• SOURCE RECORDS
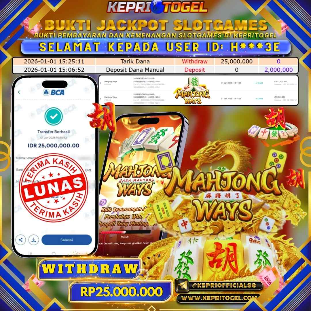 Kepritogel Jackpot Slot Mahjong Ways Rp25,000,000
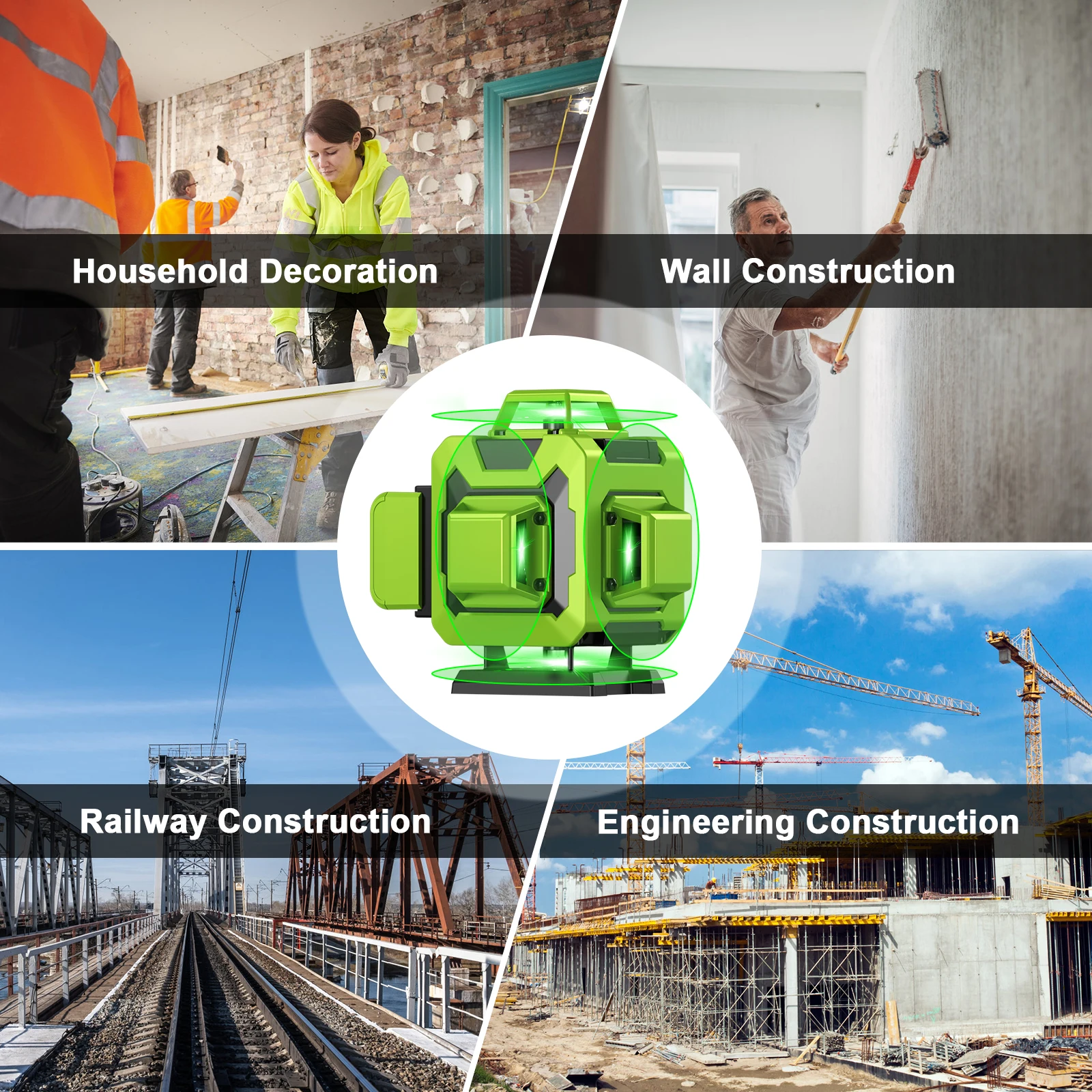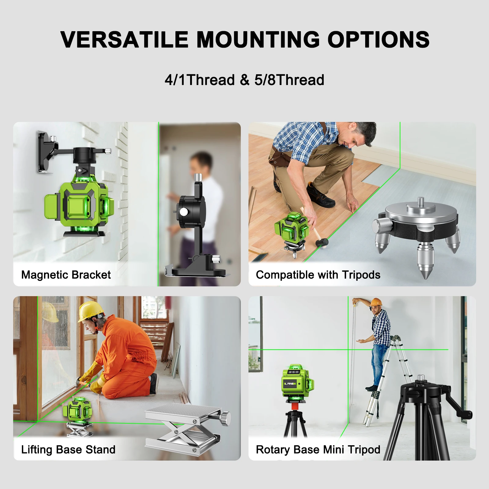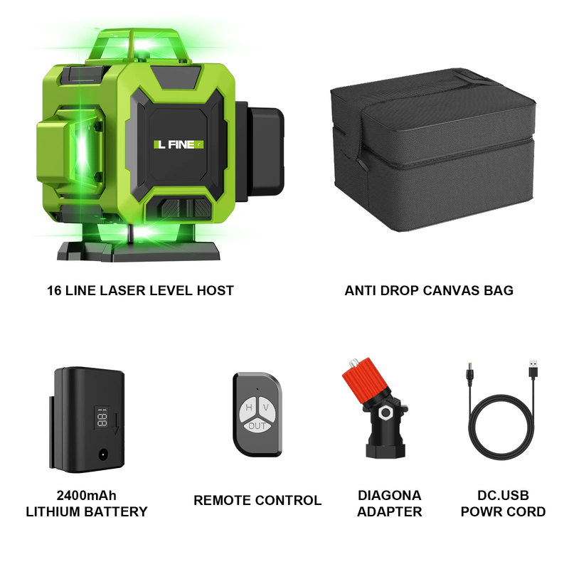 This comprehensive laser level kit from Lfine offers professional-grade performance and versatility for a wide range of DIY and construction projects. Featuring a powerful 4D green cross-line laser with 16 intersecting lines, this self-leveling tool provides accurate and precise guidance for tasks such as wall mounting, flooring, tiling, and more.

--

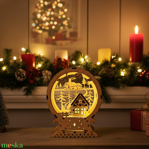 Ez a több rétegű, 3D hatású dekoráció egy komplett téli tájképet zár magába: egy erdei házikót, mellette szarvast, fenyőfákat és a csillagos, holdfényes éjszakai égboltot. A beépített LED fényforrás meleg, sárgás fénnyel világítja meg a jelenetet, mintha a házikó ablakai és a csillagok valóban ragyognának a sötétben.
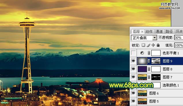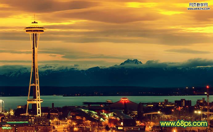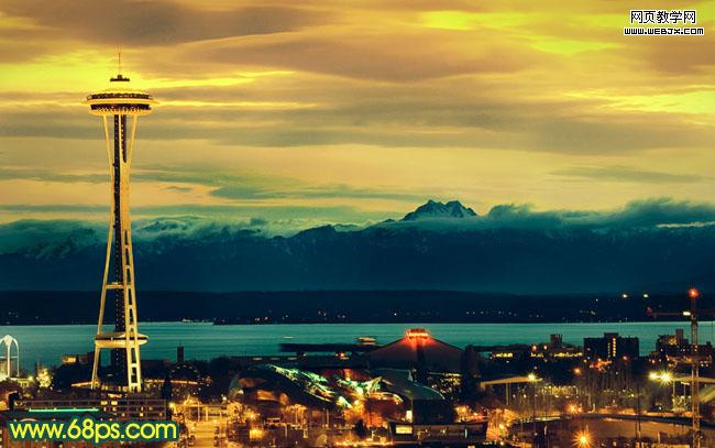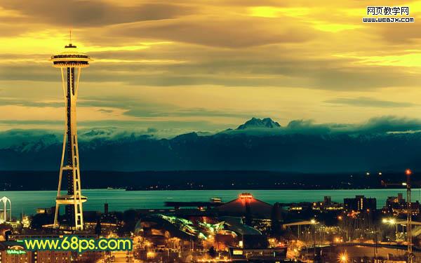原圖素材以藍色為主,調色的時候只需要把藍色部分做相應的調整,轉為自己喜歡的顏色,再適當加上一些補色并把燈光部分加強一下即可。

---

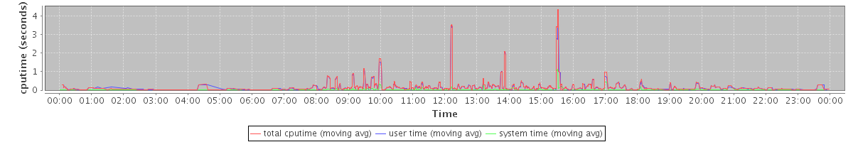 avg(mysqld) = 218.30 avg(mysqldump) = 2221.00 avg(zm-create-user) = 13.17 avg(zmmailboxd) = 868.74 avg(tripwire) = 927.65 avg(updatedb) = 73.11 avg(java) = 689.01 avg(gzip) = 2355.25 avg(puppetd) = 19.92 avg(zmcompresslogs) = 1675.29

• TO DO
Those lines of the records above that run from the one containing "Kepritogel Jackpot Slot" through the one containing "This comprehensive laser" should be returned exactly, with no pictures among them.

• OUTPUT FOR THIS TASK
 Kepritogel Jackpot Slot Mahjong Ways Rp25,000,000
 This comprehensive laser level kit from Lfine offers professional-grade performance and versatility for a wide range of DIY and construction projects. Featuring a powerful 4D green cross-line laser with 16 intersecting lines, this self-leveling tool provides accurate and precise guidance for tasks such as wall mounting, flooring, tiling, and more.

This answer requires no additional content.